• [Task instructions] In the material below, please retype the lines from the very first through the one with "Open ADSIEdit, right-click", exactly and without pictures.

• [Material for this task]
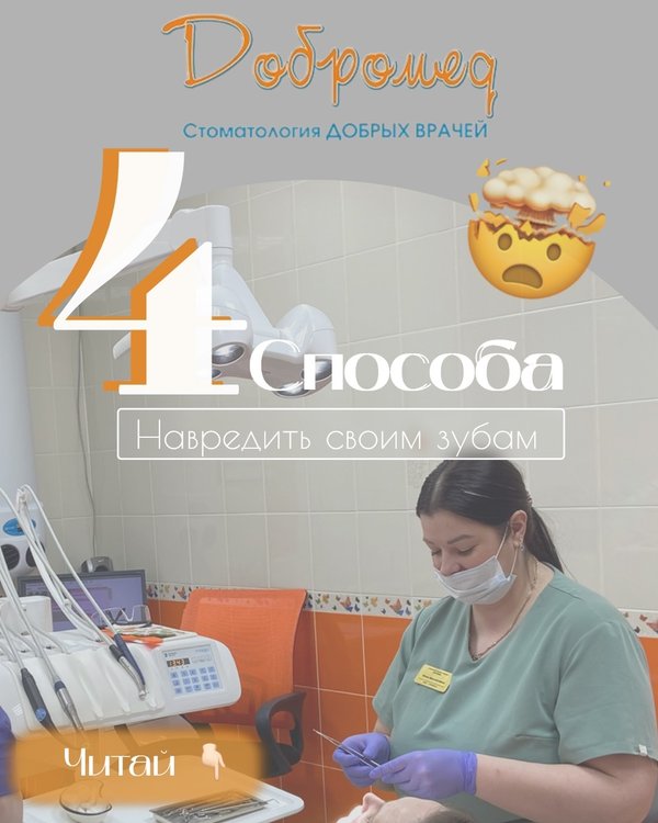 бами. Пропуск чистки зубов — большая ошибка! Рекомендуется чистить зубы дважды в день и не забывать про нить и ополаскиватель. Регулярные визиты к стоматологу также помогут предотвратить серьезные проблемы. 3️⃣ Использование зубов не по назначению. Открытие бутылок, разрывание упаковок и даже использование зубов как инструментов могут привести к повреждению эмали и даже переломам. Лучше использовать ножницы или открывалку! 4️⃣ Курение и злоупотребление алкоголем. Эти привычки не только ухудшают здоровье зубов и десен, но и могут привести к их потере. Отказ от курения и moderation в употреблении алкоголя станут залогом крепких зубов! Заботьтесь о своих зубах, и они ответят вам яркой улыбкой!
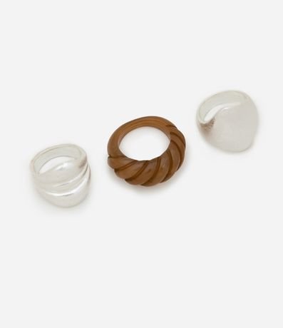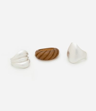 Ref: Kit com 3 anéis em banho níquel escovado: 1 modelo croissant e 2 em prata escovada.
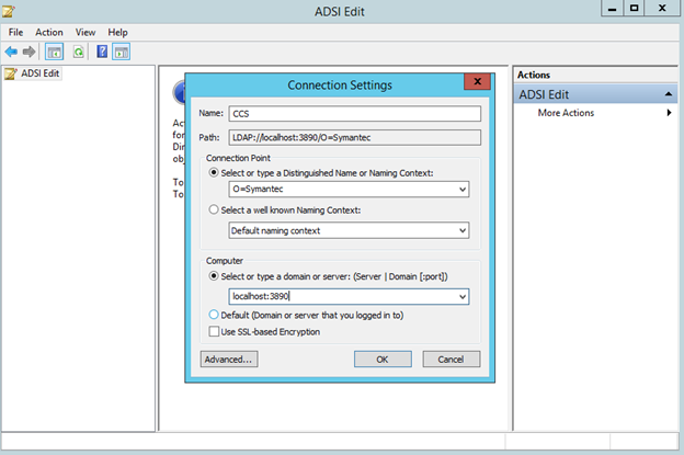 Open ADSIEdit, right-click on "ADSI Edit" click on "Connect to...", and enter a name such as "CCS", for "Connection Point" type "O=Symantec" as the Naming Context and then localhost:3890 as the "Computer", then click "OK" to connect.
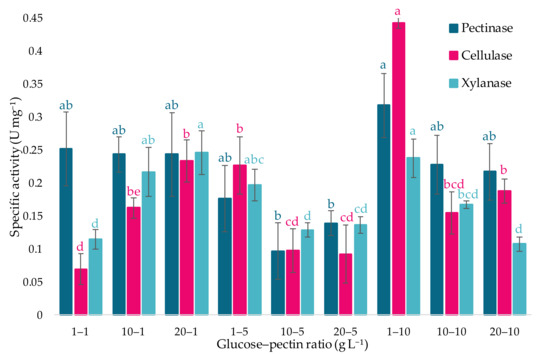 Comparison of the specific activities (U mg−1 protein) of pectinases, cellulases, and xylanases from the A. pullulans strain m11-2 under different glucose and pectin concentrations as carbon sources. Values are means from three independent experiments and the vertical bars represent standard deviation (SD). Letters above the bars indicate significant differences among the same enzymes according to ANOVA (α = 0.05).
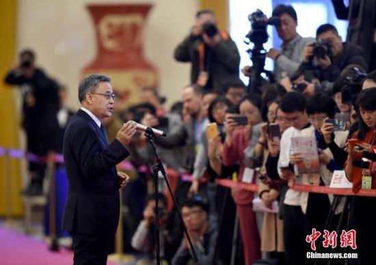 图为国务院台湾事务办公室主任刘结一在“部长通道”接受采访。中新社记者 侯宇 摄
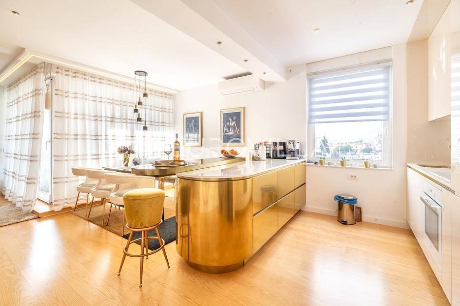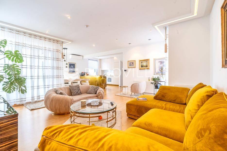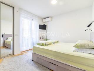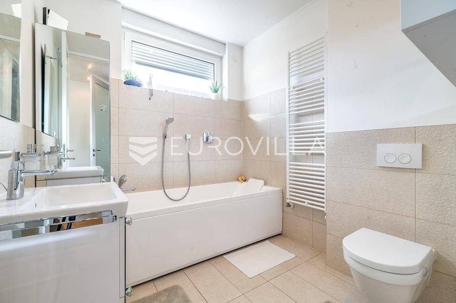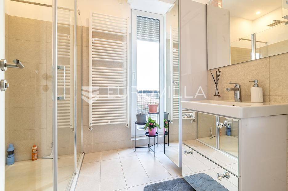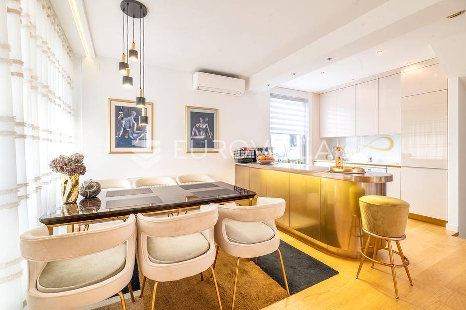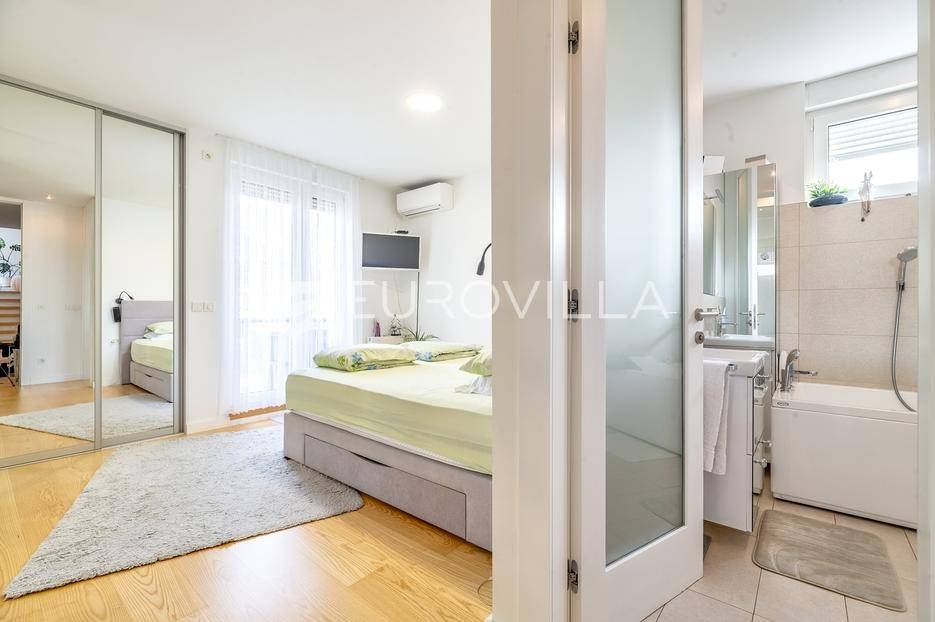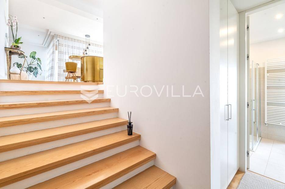 Dvoetažni trosoban stan ukupne površine 106,48 m2 smješten u mirnom i rezidencijalnom dijelu Gračana, u manjoj stambenoj zgradi izgrađenoj 2018. godine s ukupno tri stana, što osigurava privatnost i ugodno stanovanje. Stan ima plinsko grijanje, PVC stolariju i kvalitetan parket, a prodaje se u potpunosti uređen i namješten, bez potrebe za dodatnim ulaganjima.Stambeni prostor organiziran je na dvije etaže. Na jednoj etaži nalaze se master spavaća soba s podnim grijanjem i francuskim balkonom, druga spavaća soba s izlazom na lođu te kupaonica s tušem. Prostori su klimatizirani Daikin klima uređajima, a raspored omogućuje funkcionalno odvajanje privatnog dijela stana od dnevnih sadržaja. Druga etaža obuhvaća prostranu kuhinju s otokom, blagovaonicu i dnevni boravak otvorenog koncepta, s izlazima na terasu i lođu, što prostoru osigurava obilje prirodnog svjetla i dodatnu vrijednost u svakodnevnom korištenju. U stanu je ugrađen CRESTO sustav rasvjete, koji doprinosi ugodnoj i ravnomjernoj osvijetljenosti svih prostorija, a opremljen je Knapić Glamour kuhinjom i Kare namještajem.Dodatnu sigurnost i funkcionalnost osiguravaju protuprovalna vrata i videoportafon. Stanu pripada vlastito parkirno mjesto u dvorištu površine 13,75 m2. Lokacija stana omogućuje brz i jednostavan pristup svim važnim sadržajima, uključujući javni prijevoz, trgovine, škole i ostale urbane potrebe, uz istovremeno zadržavanje mirnog okruženja karakterističnog za Gračane. Stan je prikladan za obiteljsko stanovanje, ali i kao dugoročna investicija.Za sva pitanja Vam stojimo na raspolaganju.... Više na eurovilla.hr, ID: 570421

• [Expected output]
 бами. Пропуск чистки зубов — большая ошибка! Рекомендуется чистить зубы дважды в день и не забывать про нить и ополаскиватель. Регулярные визиты к стоматологу также помогут предотвратить серьезные проблемы. 3️⃣ Использование зубов не по назначению. Открытие бутылок, разрывание упаковок и даже использование зубов как инструментов могут привести к повреждению эмали и даже переломам. Лучше использовать ножницы или открывалку! 4️⃣ Курение и злоупотребление алкоголем. Эти привычки не только ухудшают здоровье зубов и десен, но и могут привести к их потере. Отказ от курения и moderation в употреблении алкоголя станут залогом крепких зубов! Заботьтесь о своих зубах, и они ответят вам яркой улыбкой!
 Ref: Kit com 3 anéis em banho níquel escovado: 1 modelo croissant e 2 em prata escovada.
 Open ADSIEdit, right-click on "ADSI Edit" click on "Connect to...", and enter a name such as "CCS", for "Connection Point" type "O=Symantec" as the Naming Context and then localhost:3890 as the "Computer", then click "OK" to connect.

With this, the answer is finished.